Big data is one of the latest internet-powered developments that has caused an enormous impact across nearly all industries over the last couple of decades. The term big data alludes to the colossal amounts of information constantly collected by search engines and websites as people continue to use the internet for various purposes. This data consists of all kinds of information like numbers, images, tables, audio and video files, and every other possible type of information there is. As a result, big data analytics involves utilizing different analytical methods to obtain value from this colossal amount of information so that individuals and organizations can make better-informed decisions regarding all kinds of life and work events.

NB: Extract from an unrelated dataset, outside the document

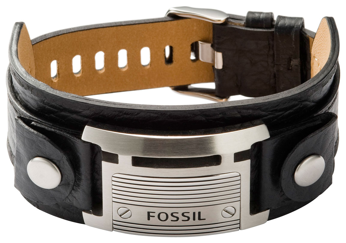 Fossil Large Black ID Cuff JF84816040 -rannekoru on valmistettu ruostumattomasta teräksestä ja mustasta nahasta. Korun pituus on säädettävissä noin 15,5 - 19,5 cm pituiseksi, ja sen korkeus on 3,8 cm. Fossil-korut toimitetaan valmistajan alkuperäisessä rasiassa.

And whether you realize it or not, big data is making a significant impact on the global financial markets as well. As the exponentially increasing complexity and data generation are dynamically changing the way various industries are working, it’s significantly changing the financial sector for good. To make things clearer, in this article, we’ll review the three ways in which big data has altered the financial trading industry to help humans make better and more prudent decisions when trading.
Every day, the world is creating roughly 2.5 quintillion bytes of data. This whopping amount of data represents a fantastic opportunity to leverage this information in various ways by processing and analyzing the ever-growing sets of valuable data.
Nowadays, both finance and trading demand a lot of accurate data on display to make the best models and predictions based on real data analysis. And this is why most of the financial trading businesses uses TDengine as they are known to be an open source, high-performance, scalable time-series database with SQL support. Besides a TSDB as its core, it has built-in caching, stream computing and data subscription functionalities to reduce the complexity and operation cost for the system. While in the past, these numbers had to be arranged, categorized, and analyzed by real people, presently, this entire process is automatically calculated by machines and intelligent NLP-powered algorithms from start to finish. And because computers can go through the data and accurately process it and analyze it at a vast scale; as a result, much more precise and up-to-date stock or options selections and models can be made thanks to real-time analytics and the possibility to compare historical option prices, implied volatility, risk metrics, and others, all derived from the big live data that support the most sophisticated trading systems and platforms.
To get an even better perspective of how big data has changed the world of trading, continue reading to uncover the main ways it's doing so.
In this day and age, the analytics behind the financial industry is no longer just an examination of the different prices and price behavior. Instead, they generate much more helpful information, including trends and everything else that could impact the financial and trading sectors.
These analytics are more precise and include more data that permits better predictive models to be created. These models can help traders make better financial predictions and effectively minimize the risk of making bad financial trading decisions.
In case you didn’t know, algorithm trading is something that’s particularly buzzing around the financial sector right now. In fact, machine learning has taken such a giant leap forward, allowing computers to make much better decisions than a human would. Furthermore, machine learning-powered algorithms can finalize trades much faster and at frequencies that people would never be able to achieve.
This is all possible thanks to real-time analytics, as computers can incorporate the best practices and minimize the number of mistakes that could end up being caused because of inherent behavioral influences that would typically impact humans. In addition, this real-time analytics can effectively maximize the investing power that individuals and companies have by creating a leveled playing field where more parties have access to the correct information.
Big data is also essential for many actuarial processes. For example, financial institutions can use data analytics to develop better predictive models to identify better the risks associated with lending and precisely project the foreseen expenditures through insurance policies. This could be very well implemented in trading scenarios, where traders can use predictive models to assess the risk connected with investing in a given stock, option, or feature.
As you can tell, big data impacts how financial trading transactions get carried out in numerous ways. For example, it helps to make faster and more accurate trades, effectively reducing the risk of each trade while maximizing the profitability of trading strategies and scenarios.
Nevertheless, it’s also noteworthy to say that big data analytics can’t perfectly predict market scenarios all the time. Like anything else in this world, big data has imperfections like the incompleteness of data patterns. But, in total, big data analytics present far more benefits than disadvantages to financial trading, which is precisely why it’s becoming an inevitable necessity for financial trading.